Sur le plan du terrain, c’est un défi tout-terrain de haut niveau. Nous franchirons des cols de plus de 4 300 mètres, des pistes caillouteuses le long du Piandj à la frontière afghane, des gorges vertigineuses et des plateaux désertiques dignes de la surface de Mars. Nous parcourrons la mythique route du Pamir (M41), les cols de Too-Ashuu, de Kamtchik, de Khargush et le sommet de Kulma, à 4 362 mètres. Chaque journée met à l’épreuve le physique, la technique et la volonté — mais la récompense est immense : le lac Sayram vert émeraude au milieu du plateau, les sommets enneigés de l’Hindou Kouch reflétés dans la vallée du Wakhan, et les couchers de soleil violets sur les coupoles turquoise de Samarcande.
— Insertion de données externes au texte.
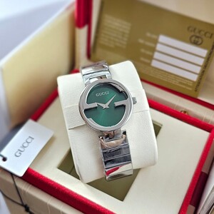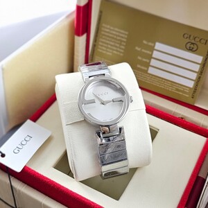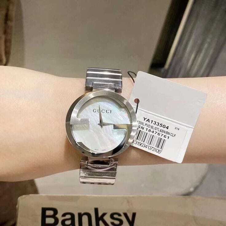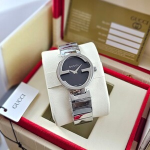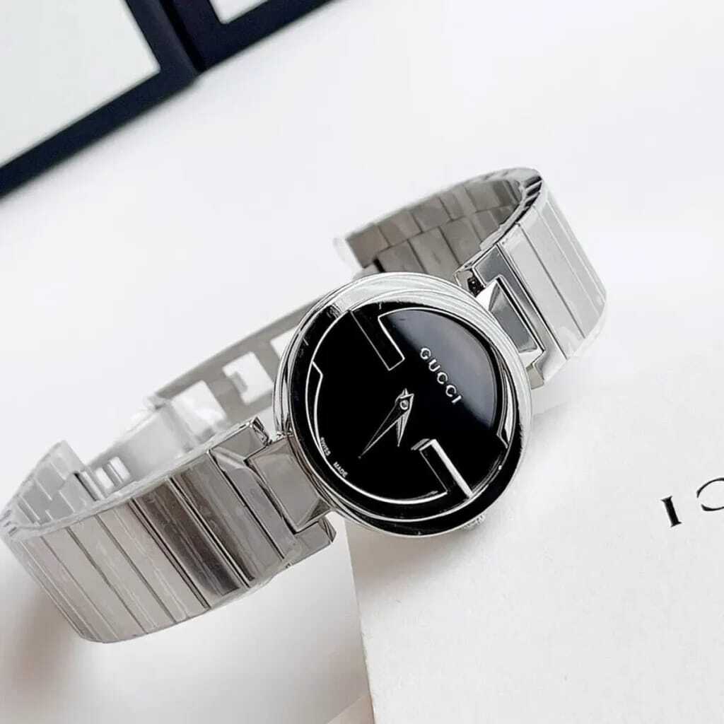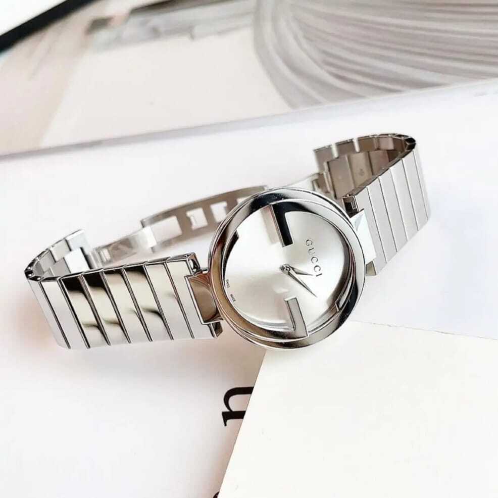 جديد الساعات النسائي من ماركه غوتشي نسائي موديل نسأئي سالستيل ستانلس ستيل بلون سلفر انترلو كينغ جي كوارتز عليها
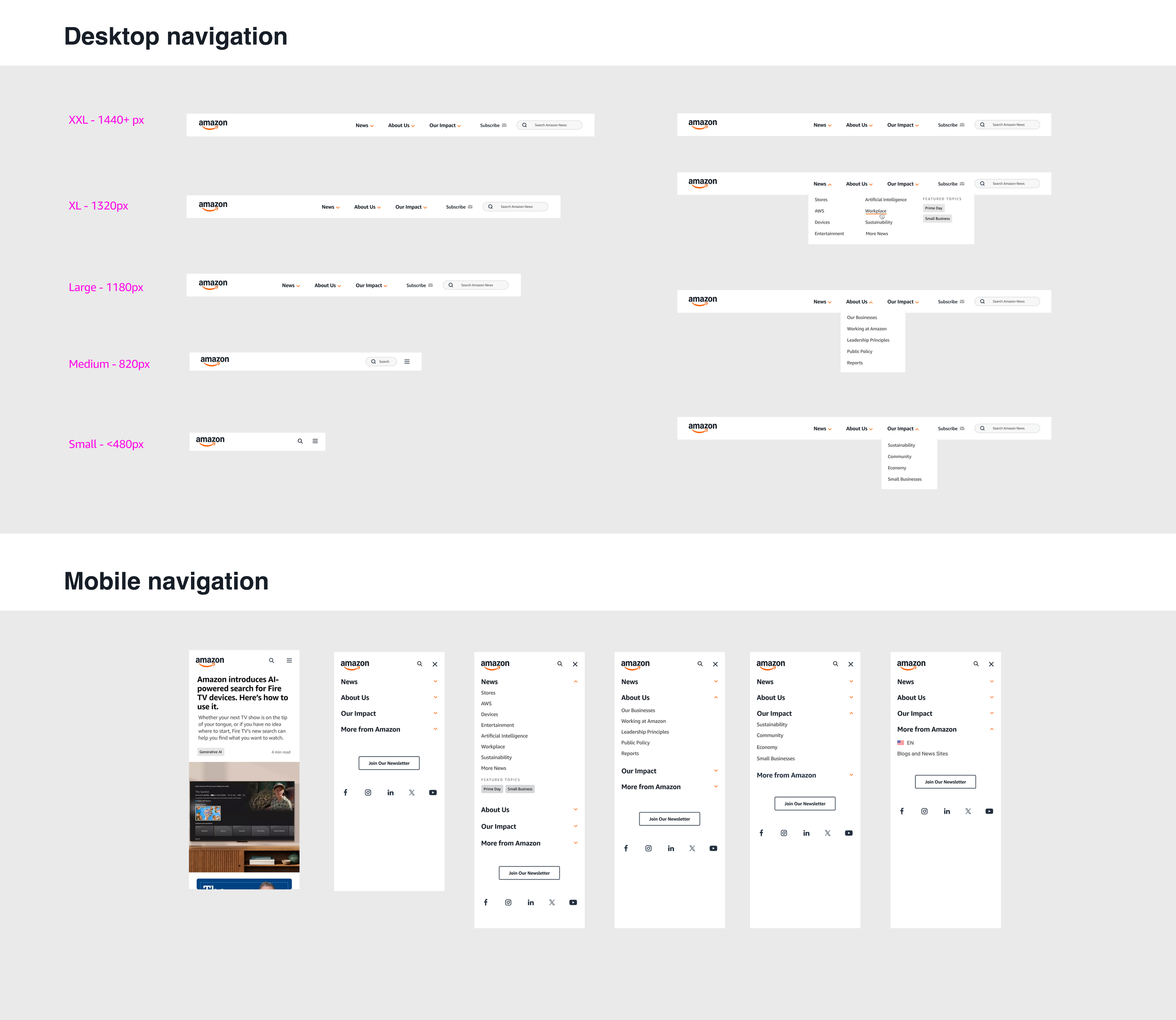 The problem: The previous Amazon News site had outdated branding, with UX dead-ends across the site. Modules within the CMS weren’t mobile-optimized, and the site’s navigation needed an overhaul.

Venez vivre avec nous la plus grande aventure de votre vie — où chaque kilomètre est une page d’histoire et chaque étape un nouveau chapitre de la civilisation humaine.

PROGRAMME DÉTAILLÉ

  1. Jour 1 : Ürümqi, carrefour de l’Eurasie. Rassemblement à Ürümqi | Distance : 0 km | Altitude : ~800 m

Le voyage commence à Ürümqi, capitale de la région autonome ouïghoure du Xinjiang, la grande ville la plus éloignée de tout océan au monde. Blottie au pied des monts Tian Shan, Ürümqi est un point de rencontre vivant entre Han, Ouïghours, Hui, Kazakhs et Kirghizes : une mosaïque culturelle où les mosquées de brique cuite côtoient les immeubles modernes.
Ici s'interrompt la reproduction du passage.